Answer to a question from a reader

My ex used my ID number to apply for RDP housing. Now I don't qualify.

The short answer

You need to report this fraud to the Department of Human Settlements and escalate if necessary.

The whole question

Dear Athalie

I was married out of community of property by Islamic law. I just found out my ex husband applied for RDP housing using my ID number after we got divorced. I have remarried and want to apply for my own house, but I am already on the database listed as a spouse, so I do not qualify for a house. 

How can I fix this?

The long answer

To knowingly misrepresent you as his current wife when you were already divorced, is certainly fraud. 

Fraud is defined in law (Snyman, Criminal Law 3rd Edition, 1995) as follows: “Fraud is the unlawful and intentional making of a misrepresentation which causes actual prejudice or which is potentially prejudicial to another.”
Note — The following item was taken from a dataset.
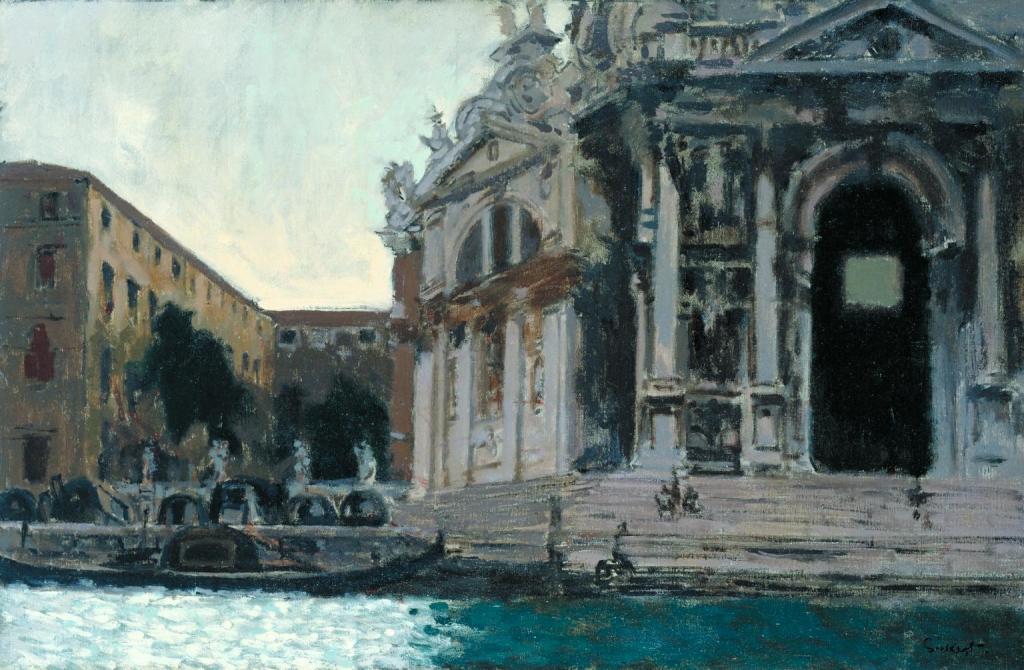 Some views that Sickert painted during his visits to Venice make interesting comparison with those of John Singer Sargent, who was painting the city mostly in watercolour at the time. Sickert’s Venice, la Salute, which he is thought to have completed in about 1901, still uses muted colours, and was clearly painted as an oil sketch. Like other Impressionists, he crops this unusually, showing only a portion of the famous domed church of Santa Maria della Salute. The artist also stressed how he had painted this in “full colour”.

In this case, it is clearly prejudicial (harmful) to your chances of successfully applying for an RDP house. 

So what can you do?

I think the place to start is by making a sworn affidavit stating that your ex husband used your ID to misrepresent you as his spouse in his application for an RDP house, after you had divorced, without your knowledge. You had been married by Islamic law, not a civil marriage in community of property. You should give details and dates of your marriage and your divorce, and how and when you discovered that your ID had been used by your ex-husband to cite you as a spouse. This fraudulent misrepresentation has meant that you yourself are unable to apply for an RDP house with your husband, as your ID is already on the database as a spouse. You need the Department of Human Settlements to take steps to remove your ID from the database, so that you can apply for an RDP house.

You need to take this affidavit to the housing office where you tried to apply for an RDP house and ask them to assist you. You need to keep a careful record of the dates and names of officials you speak to (editor’s emphasis). If they are unhelpful, you can go to the offices of the Department of Human Settlements, again taking your sworn affidavit with you and explain that as your ID has not been removed from the database, you wish to make a complaint.  

If you are in Cape Town, there is a Helpdesk in the offices in 27 Wale Street, which provides assistance. 

Operational Hours

Monday To Friday: 07h30 until 15h00

All walk-in clients will be assisted on a first come basis.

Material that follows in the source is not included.